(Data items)
== Segment start ==
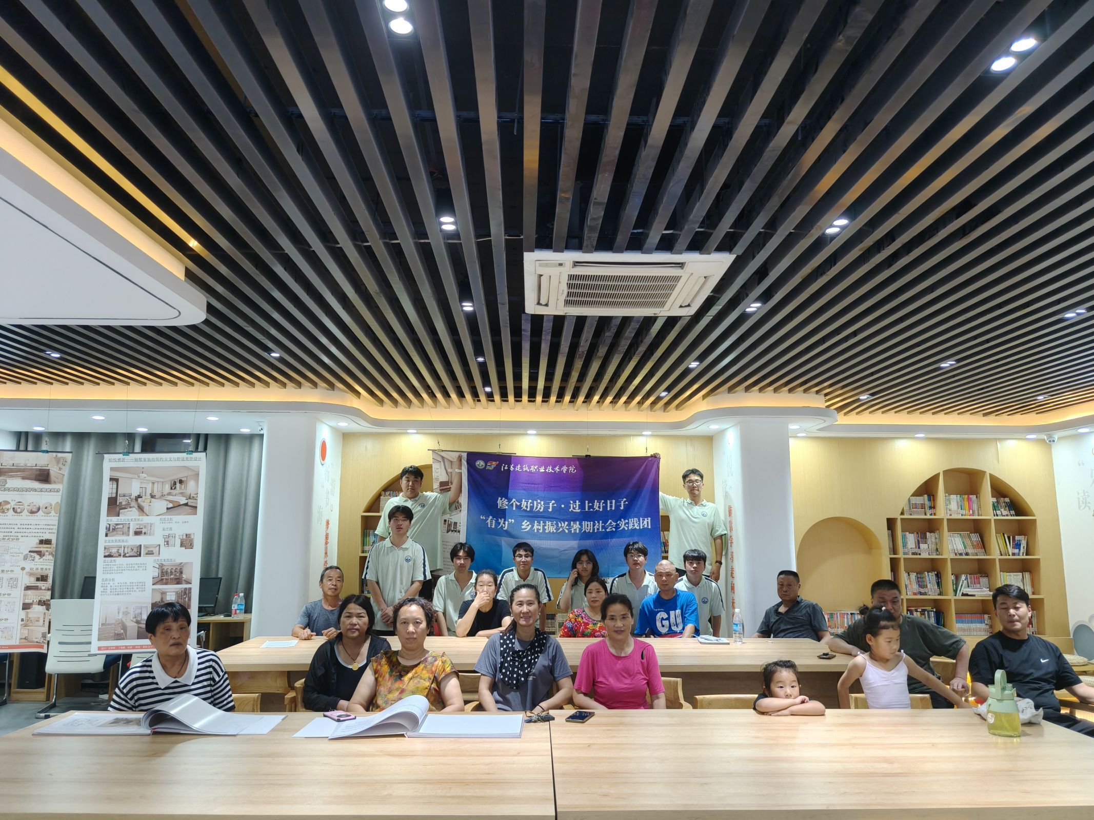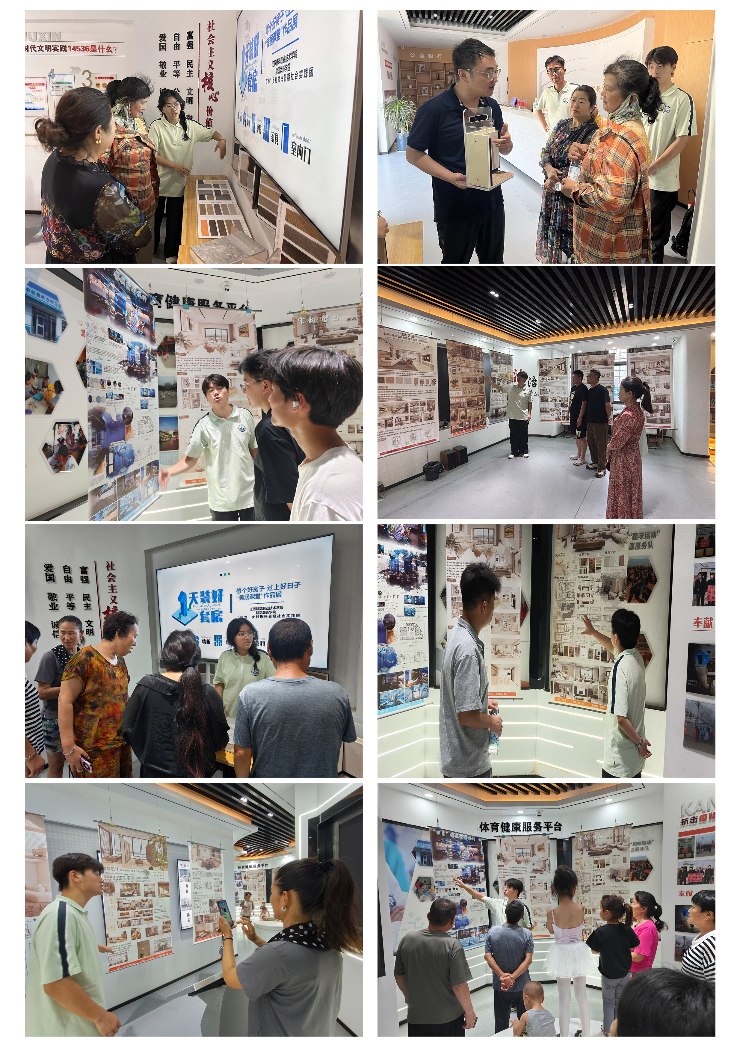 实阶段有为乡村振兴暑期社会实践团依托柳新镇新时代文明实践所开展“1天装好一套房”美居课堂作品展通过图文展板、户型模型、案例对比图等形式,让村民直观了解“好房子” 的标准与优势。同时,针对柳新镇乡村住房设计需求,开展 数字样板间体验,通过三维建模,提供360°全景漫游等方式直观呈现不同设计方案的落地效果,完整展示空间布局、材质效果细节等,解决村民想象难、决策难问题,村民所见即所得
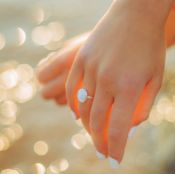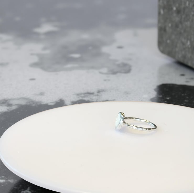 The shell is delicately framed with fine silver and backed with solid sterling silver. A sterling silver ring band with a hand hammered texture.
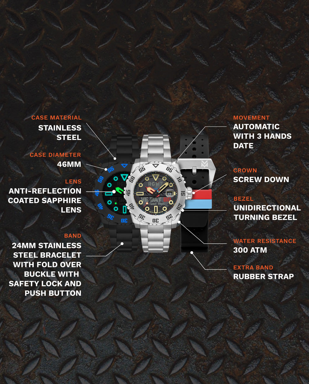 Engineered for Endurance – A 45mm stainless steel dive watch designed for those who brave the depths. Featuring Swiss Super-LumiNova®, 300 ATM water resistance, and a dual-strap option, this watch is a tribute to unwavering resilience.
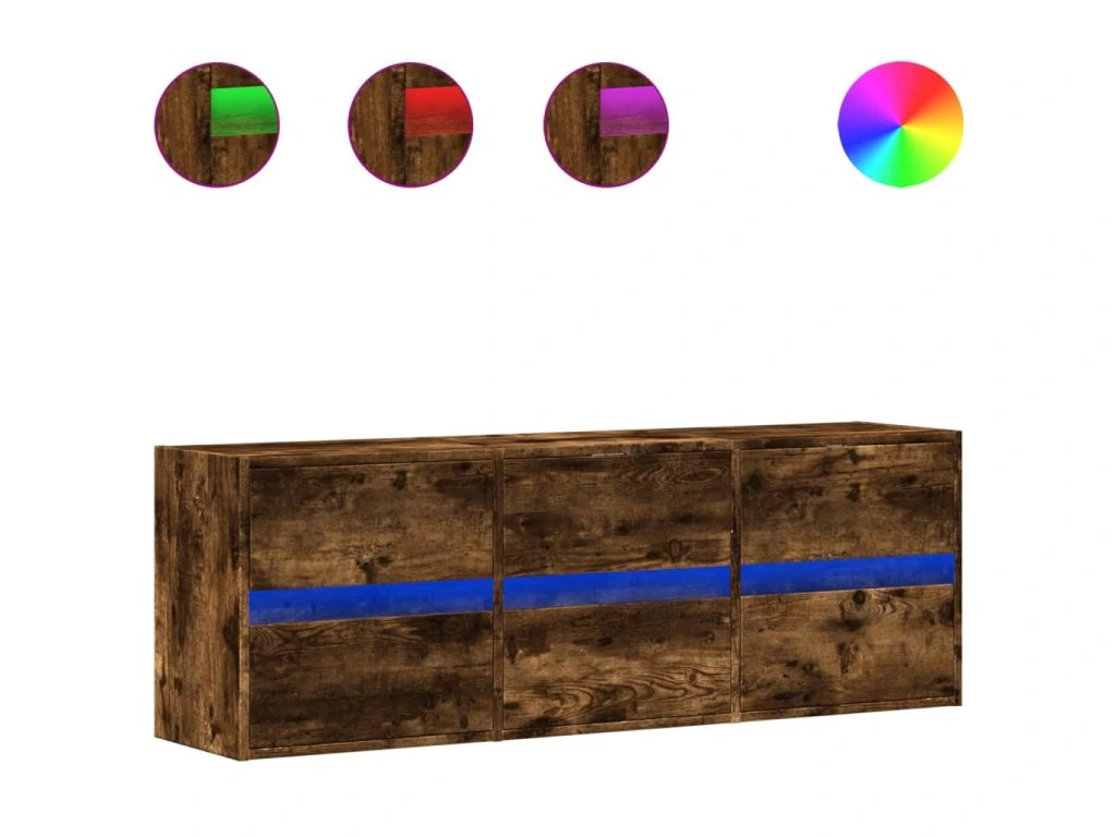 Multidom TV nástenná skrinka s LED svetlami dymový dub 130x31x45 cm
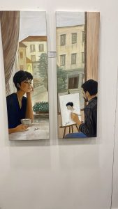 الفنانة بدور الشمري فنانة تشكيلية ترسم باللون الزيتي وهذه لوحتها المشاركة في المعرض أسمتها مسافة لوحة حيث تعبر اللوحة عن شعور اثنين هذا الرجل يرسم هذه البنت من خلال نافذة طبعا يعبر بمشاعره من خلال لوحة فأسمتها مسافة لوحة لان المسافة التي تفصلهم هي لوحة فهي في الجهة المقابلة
== Segment end ==
### Work request
Please transcribe word for word the lines from the one bearing "The shell is" through the last line of the records above, omitting the pictures.

### Task solution
 The shell is delicately framed with fine silver and backed with solid sterling silver. A sterling silver ring band with a hand hammered texture.
 Engineered for Endurance – A 45mm stainless steel dive watch designed for those who brave the depths. Featuring Swiss Super-LumiNova®, 300 ATM water resistance, and a dual-strap option, this watch is a tribute to unwavering resilience.
 Multidom TV nástenná skrinka s LED svetlami dymový dub 130x31x45 cm
 الفنانة بدور الشمري فنانة تشكيلية ترسم باللون الزيتي وهذه لوحتها المشاركة في المعرض أسمتها مسافة لوحة حيث تعبر اللوحة عن شعور اثنين هذا الرجل يرسم هذه البنت من خلال نافذة طبعا يعبر بمشاعره من خلال لوحة فأسمتها مسافة لوحة لان المسافة التي تفصلهم هي لوحة فهي في الجهة المقابلة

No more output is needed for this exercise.